== Segment start ==

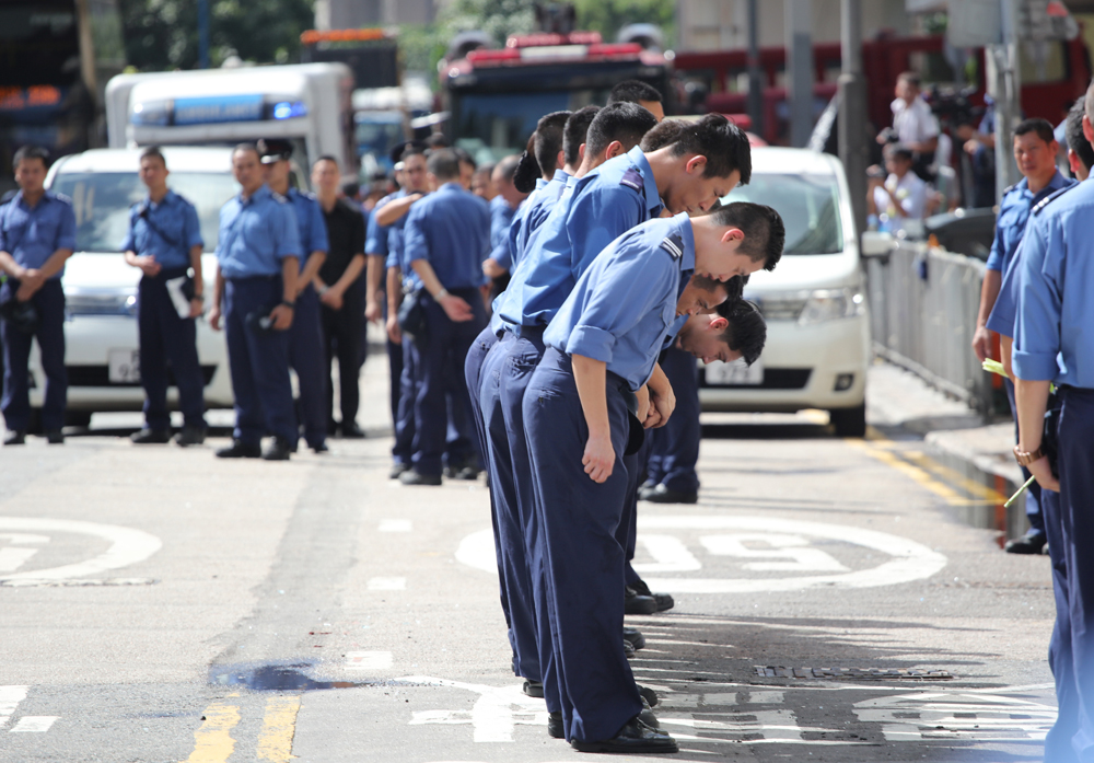 大批消防員昨天下午到場路祭,送別張耀升\\大公報記者蔡文豪攝大公網6月28日訊 (記者 張月琪)英勇無懼,消防典範,「無情的大火已經熄了,你們再也不用掛心,一路走好」。數百名消防同袍及逾百市民,昨午送別在淘大...
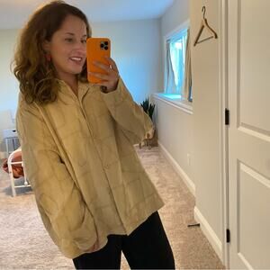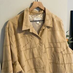I adore this super cute vintage CJ Banks tan/neutral faux suede super soft satin lined textured embroidered stitched collared button front long sleeve top/jacket
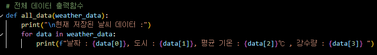 - weather_data는 전역변수로 선언해서 굳지 매개변수로 넣지 않아도 되지만,
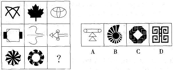 问题 图形推理。请按每道题的答题要求作答。 从所给的四个选项中,选择最合适的一个填入问号处,使之呈现一定的规律性。() A.选项A B.选项B C.选项C D.选项D
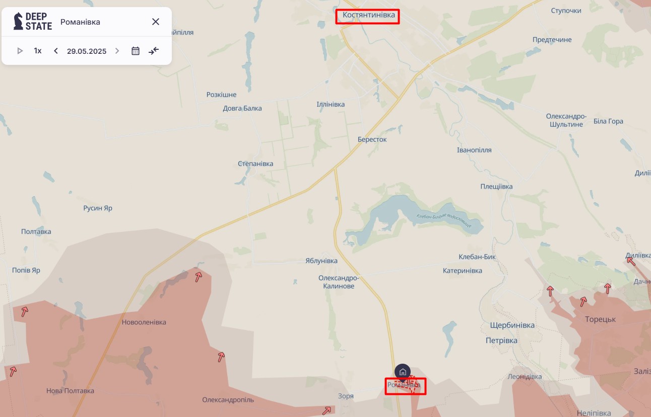 DeepState показали наступление РФ в Романовке и угрозу для Константиновки 30 мая
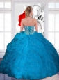 Decent Beading and Ruffles Sweetheart Teal Sweet 16 Dresses for 2015
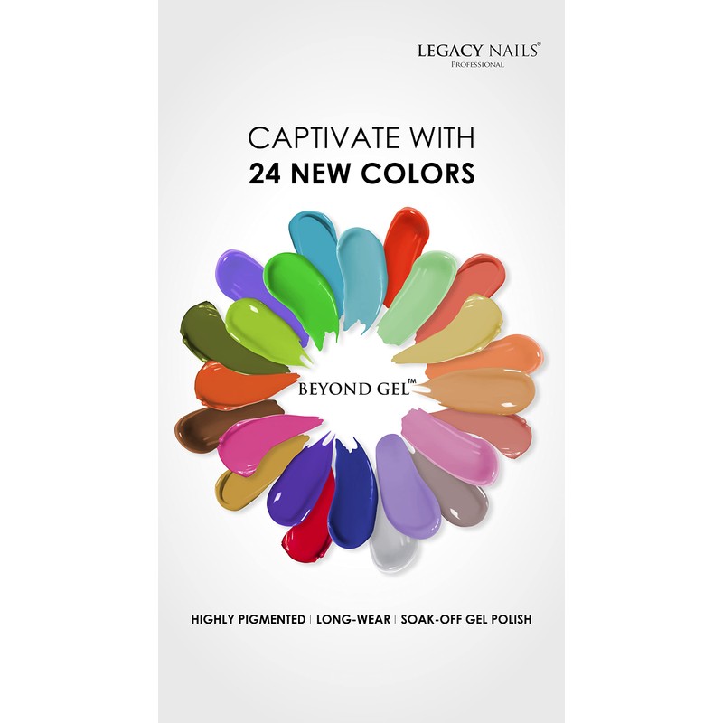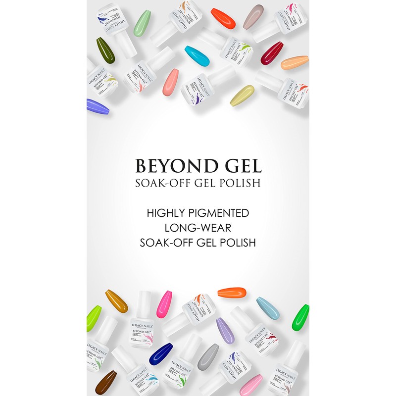 - ✨ Legacy Nails BEYOND GEL is a highly pigmented soak-off gel nail polish.
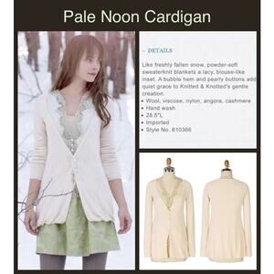 Add romantic charm to your wardrobe with this Knitted & Knotted "Pale Noon" cardigan from Anthropologie. Crafted from a luxurious wool-angora-cashmere blend, this sweater features a delicate lace blouse-like inset, pearlized buttons, and a flattering bubble hem. Perfect for layering or wearing as a statement piece in cozy, vintage-inspired outfits.
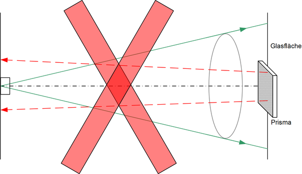 In dieser Darstellung trifft das Senderlicht senkrecht auf die Prismenplatte und auf die Glasfläche. Deckt man zum Testen der Störmeldung das Prisma ab, so wird wahrscheinlich der Empfänger so viel vom Glas reflektiertes Licht empfangen, dass er nicht Störung, sondern Alarm meldet, wie oben beschrieben.
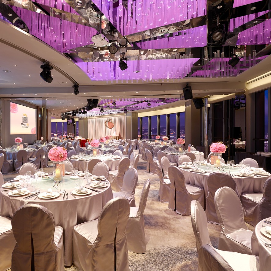 由台北遠東香格里拉飯店負責營運的「Mega50宴會廳」,位於新北地標百揚大樓的48樓,景觀絕佳,毗鄰板橋大遠百,交通便利,是一可容納40桌的宴會場地,華麗氣派、設備齊全,輔以千萬元影音配備同步播放現場實況,整面大片落地窗框住無價自然美景,與廳內典雅氛圍互相輝映!
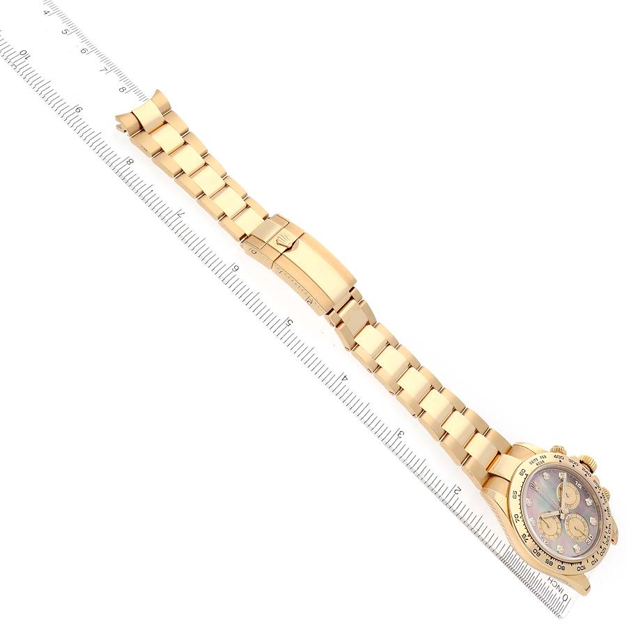 Replica Rolex Daytona Yellow Gold MOP Diamond Mens Watch 116508. Officially certified chronometer self-winding movement. 18K yellow gold case 40.0 mm in diameter. Special screw-down push buttons. Triplock winding crown protected by the crown guards. 18K yellow gold tachymeter engraved bezel. Scratch resistant sapphire crystal. Tahitian mother of pearl dial with replica Rolex factory diamond hour markers. Outer 1/5th seconds track. Gold outlined subsidiary dials -- running small seconds, the 12-hour, and 30-minute registers. Luminous yellow gold baton hands. 18K yellow gold oyster bracelet with flip-lock clasp. Fits an 8" wrist.
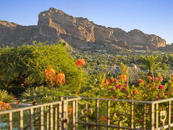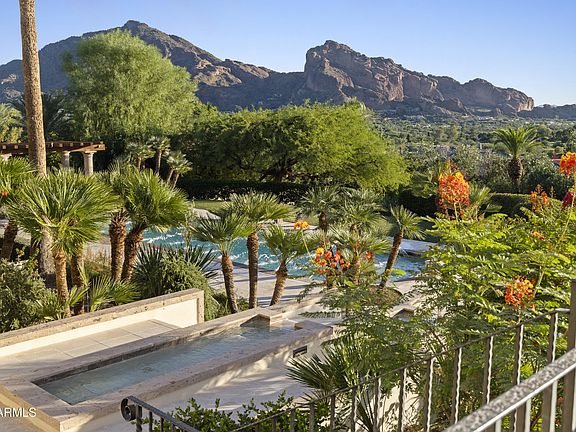 WITH VIEWS of FULL CAMELBACK MOUNTAIN, DRAMATIC PHX CITY LIGHTS, and a stone's throw from PARADISE VALLEY COUNTRY CLUB this timeless 5bed, 6.5bth Santa Barbara-style estate at 5221 E Arroyo Rd is on ONE OF THE MOST COVETED STREETS in PV. Set gently on the side of Mummy Mtn, the property features a large deep backyard with expansive lawns seldom found on hillside properties. A vast 145ft long patio spanning the back of this single-level main house is a fabulous place to sit and enjoy the views and grounds! There's also a 1,125 sqft multi-purpose guest house w/a full kitchen, laundry, bedrm + living rm which sits below the main residence and opens directly to the grounds and impressive pool that can also function as an entertainment space. The property offers 9,376 sf of refined living... A mesquite-lined drive leads to warm, light-filled interiors with wood-coffered ceilings, multiple fireplaces, a paneled library with bar and wine cellar, a great room, dining room, a gourmet kitchen, family room, office with full bath and 5 ensuite bedrooms including the spacious primary suite. The elegant pool, spa, lawns, citrus orchard, bright flowers, and cascading fountain create a private, resort-like escape.
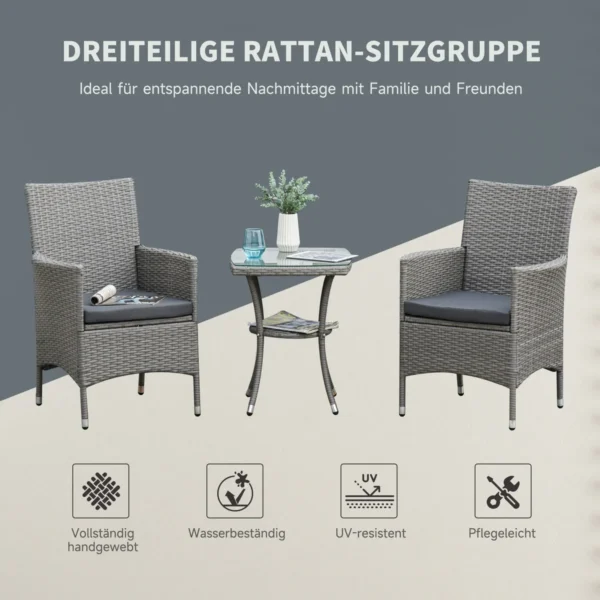 Sodo baldų komplektas iš 3 dalių Outsunny, pilkos spalvos
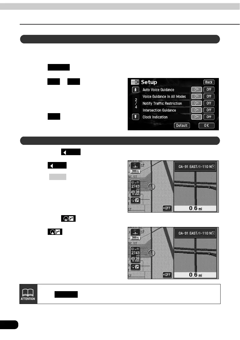 Select either to have the intersection guidance screen turned ON (display) or OFF (not
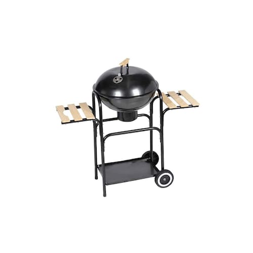 Este churrasco característico a carvão funciona em madeira e carvão. Para controlar a ventilação, há uma alça de madeira na capa (assim você não vai queimar suas mãos). Nas laterais há 2 mesas de trabalho, também feitas de madeira e uma prateleira inferior que é prática para guardar seus acessórios de churrasco. Esta churrasqueira a carvão tem duas rodas, permitindo que você mova o churrasco.

== Segment end ==

- TASK DETAILS: Among the entries above, find the line with "I adore this" and repeat exactly from there through the line with "Add romantic charm", leaving out the pictures.

- ANSWER AREA:
I adore this super cute vintage CJ Banks tan/neutral faux suede super soft satin lined textured embroidered stitched collared button front long sleeve top/jacket
 - weather_data는 전역변수로 선언해서 굳지 매개변수로 넣지 않아도 되지만,
 问题 图形推理。请按每道题的答题要求作答。 从所给的四个选项中,选择最合适的一个填入问号处,使之呈现一定的规律性。() A.选项A B.选项B C.选项C D.选项D
 DeepState показали наступление РФ в Романовке и угрозу для Константиновки 30 мая
 Decent Beading and Ruffles Sweetheart Teal Sweet 16 Dresses for 2015
 - ✨ Legacy Nails BEYOND GEL is a highly pigmented soak-off gel nail polish.
 Add romantic charm to your wardrobe with this Knitted & Knotted "Pale Noon" cardigan from Anthropologie. Crafted from a luxurious wool-angora-cashmere blend, this sweater features a delicate lace blouse-like inset, pearlized buttons, and a flattering bubble hem. Perfect for layering or wearing as a statement piece in cozy, vintage-inspired outfits.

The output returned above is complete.